Le penseur a commencé par être un observateur, jusqu’à ses vingt-cinq ou trente ans, et son fonds d’observations est ce qui constituera une pensée originale. Quand il atteint la maturité, il travaille ce fonds par la pensée, et son attention est alors mobilisée par ce travail. Or ce fonds est déjà davantage constitué par des lectures que par des impressions vécues, car les impressions de la vie ordinaire sont dans l’ensemble pauvres comparées à celles qui peuvent s’obtenir via la lecture, et c’est toujours le cas pour les impressions intellectuelles, que le commerce ordinaire ne permet même pas d’acquérir dans la plupart des cas. Passé l’âge des impressions déterminantes, les impressions sont superfétatoires et importunes ; le retrait s’impose. Ce qui sollicite le penseur vers le monde des impressions contrarie le cours de sa pensée, que cette sollicitation soit déplaisante ou séduisante. L’intellect moyen n’a d’autre choix que de contrebalancer les unes par les autres, le penseur ne fonctionne pas ainsi : les unes comme les autres sont déplacées pour lui. Elles ne nourrissent plus, la jeunesse passée, et ne peuvent occuper le penseur au même titre que sa pensée, ce dernier ayant l’organe pour un tel traitement. L’un se livre à ses impressions, l’autre y est livré. L’un les recherche, l’autre les évite.

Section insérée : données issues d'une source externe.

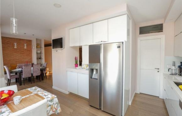 Ofrohet per Qera ky apartament fantastik, i kategorise luks, shume i bukur dhe modern i ndodhur ne katin e 5 te nje godine shume te re te ndertuar se fundmi ne zonen e Radio Televizionit Shqipetare, prane Piramides dhe ETC. I perbere nga 3 dhoma gjumi, ku dhoma matrimoniale ka tualetin privat, ambjenti i ndenjes dhe i ngrenies se bashku, kuzhina e gatimit e veçuar, nje tualet i dyte ne korridor dhe nje ballkon mjaft i madhe i orientuar dhe me pamje te lire nga Jugu, ka nje siperfaqe totale prej gati 200 m². Orientimi i tij, pra ne Jug, i jep drite natyrale pothuajse gjate gjithe dites apartamentit. Ka te instaluar nje sistem Chiller te ngrohje-ftohje, dyshemeja eshte e shtruar me parket druri industrial i kategorise shume te mire. Rifiniturat moderne dhe punimet shume te mira te brendshme e bejne kete apartament te bej pjese ne kategorine luks. Apartamenti ofrohet pjeserisht i mobiluar, pra jo te gjitha mobiljet e prezantuara ne foto jane aktualisht dhe ka te rezervuar edhe vendparkim ne katin nentoke te pallatit. Pallati eshte nje nder me te miret ne Tirane, i ndertuar se fundmi, me cilesi te lart te ndertimit dhe me nje administrim shume te mire. Cmimi i ofruar, perfshine vetem tatimin mbi qerane.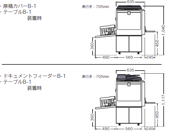 | 大きさ | 給紙台・排紙台使用時:1,370mm(W)×705mm(D)×638mm(H)* 給紙台・排紙台収納時:805mm(W)×705mm(D)×638mm(H)* テーブルのみ:560mm(W)×675mm(D)×402mm(H) |

Le penseur cherche une vie ordinaire car il lui incombe de produire une pensée et non un témoignage. L’extraordinaire, dans la vie d’un penseur, est pris à sa pensée.
Le littérateur est fourvoyé si on lui suppose de grandes facultés. Conscient de ses facultés, il s’est contenté d’en rendre témoignage au lieu de s’en servir selon leur finalité la plus haute. C’est pourquoi Platon chasse les « poètes » de sa Cité : ils sont un exemple corrupteur pour les individus capables (le bruit du vent suffit à corrompre les autres). La littérature est la fosse commune du génie.
L’extraordinaire que peut vivre une personne douée de facultés n’est pas essentiellement différent de celui qu’une autre personne vivra, placée dans des circonstances extraordinaires. En revanche, cette dernière, à défaut de facultés, ne peut produire une pensée, même si elle n’est pas placée dans des circonstances extraordinaires. Autrement dit, comme c’est la vie ordinaire qui favorise l’emploi des hautes facultés, les circonstances extraordinaires, qui sont le produit vendu par la littérature en tant qu’exemple moral, ce qu’elle est qu’elle le veuille ou non, ne sont pas recherchées par le penseur.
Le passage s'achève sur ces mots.